Leave it to my sullen, anti-social adolescent self to subvert the true meaning of Christmas. Not that I'm completely sure -- now or then -- what the true meaning of Christmas actually is. But I am fairly certain it does not involve smuggling, skulking around in basements and whipping up illicit batches of home brew.
When I was old enough to drive but not old enough to take my parent's Ford Torino to the Idaho State line for a beer run and sometime before we found that small grocery store right here in town where they never checked ID, a couple of my friends, my brother and I schemed to brew our own beer.
As that Christmas season opened, most of the people in our relatively carefree suburban lives were busying themselves with gift buying and easing into that warm, fuzzy holiday spirit. And so -- to some extent, at least -- were we, I'm sure. Except that instead of sugarplums, we had bottle caps, hydrometers and malt extracts dancing in our heads. And instead of wandering through the malls searching for perfectly thoughtful gifts for our loved ones, we were spending our summer lawn-mowing money on a 20-gallon green plastic garbage can, several feet of siphon hose, malt syrup, sugar and baker's yeast.
Some weeks earlier, in an admirable attempt to bond with his nephew, my uncle taught me the finer points of home brewing using his own time-honored method. In our rather large family, my uncle was something of a folk hero to those of us without the legal right to purchase alcohol. I mean, this guy made his own. Gallons of it at a time. To my co-conspirators and me, it seemed like a perfectly viable way out of the beer-less conundrum in which society and The Man had ensnared us. We weren't allowed to buy it. And we couldn't seem to get anyone to buy it for us. Why not (we reasoned) make it ourselves? Yeah, why not?
Once we had the equipment, all we needed was an opportunity to commence the brewing process. Christmas, as it turned out, was it.
Every year while I was still living at home, my parents threw this big open house on the night of the 25th for the entire family, including grandparents, uncles, aunts and cousins galore. I always looked forward to it because it was a rare opportunity (even rarer today) for the rapidly expanding and fragmenting clan to get together, catch up on family stuff, trade stories and wolf down copious amounts my dad's sublime clam dip.
This year, as usual, my cousin (son of my brew-instigating uncle) came with his family. Of course he had an ulterior motive for being there on that particular evening: to supervise the brewing process -- a process he had personally witnessed many times. The setup was perfect. As we scurried like rats in the basement toiling toward a prospective alcoholic conclusion, the adults did whatever they usually did whenever the kids weren't around, oblivious to the covert operation being carried out beneath their feet.

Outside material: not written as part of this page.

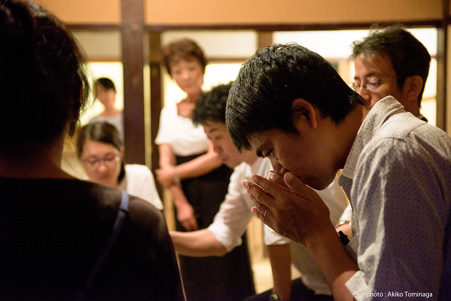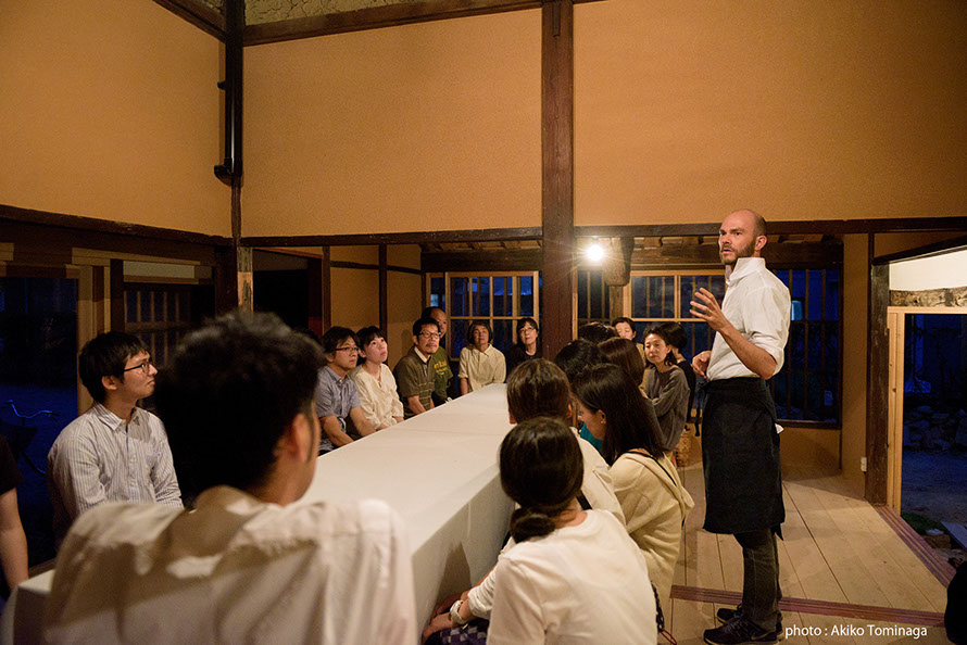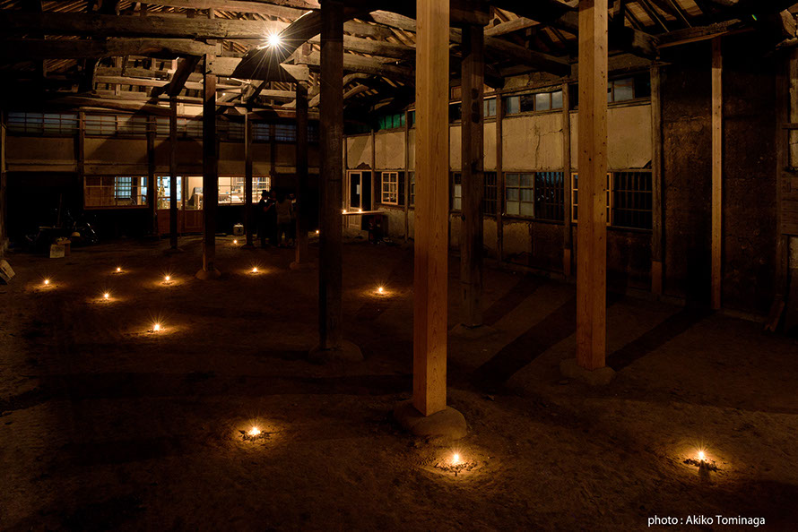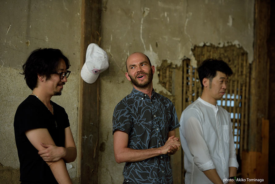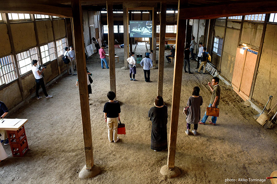アーティスト・ユニット「世界土協会」(南条 嘉毅、ジェームズ・ジャック、吉野 祥太郎)によるワークショップを旧八女郡役所で開催しました。土にまつわるストーリーに耳を傾けながら、ワイングラスや盃に注がれた土の見た目や匂い、手触りを参加者が次々に「テイスティング」していきました。参加者が持ち寄った土は、飼育しているヤギ牧場の土、長年手を入れているコンポストの土、住んでいるマンションの砂場の砂などさまざま。そしてその土に染み込んだ思いやストーリーがワークショップに集った人たちに共有されました。

We set about our mission with the zeal of a Bible-thumper and the stealth of a cat burglar. We posted a lookout at the bottom of the stairs. We tapped water directly from the hot water heater. We mixed the ingredients into our semi-clean green garbage can with a piece of lathe from my dad's wood shop. We stashed our half-assed attempt at brewing in a cubby in the downstairs bathroom my brother and I shared. Radiant with pride, we congratulated each other on a crime well committed.
But like that damn ubiquitous, all-knowing Santa Claus, my parents always seemed to get a whiff of what we were up to, no matter how carefully we covered our tracks. Admittedly, the whiff in this case was fairly obvious, as anyone who's ever toured a brewery can tell you. And so, though they probably didn't realize exactly "when" (thereby remaining blissfully unaware of how we sullied Christmas with decidedly sneaky activities), they did, as our concoction gurgled merrily away, most assuredly know "what." Surprisingly, however, they never punished us or forced us to dump our malty abomination down the drain. In fact, they hardly said anything about it at all (though my dad did slowly grill my brother and me one evening around the family dinner table with zingers like: "Have you guys noticed a strange odor in your bathroom recently? I know what it is, but I just can't quite put my finger on it... It's not a bad smell, just kind of a yeasty smell.").
For the record, our brewing venture was a bust. We bottled too early and the fermentation continued until the pressure inside the bottles caused several of them to explode. The few survivors tasted terrible. Years later, the story resurfaced and has since become an integral and amusing part of Corrigan lore. Funny how that works.
Still, I can't believe how much mental energy we wasted and how much bad karma we built up that Christmas day just to satisfy our beer lust when -- no more than 10 feet away from the crime scene -- there was a small basement refrigerator bursting with unguarded six-packs of Olympia and Hamm's.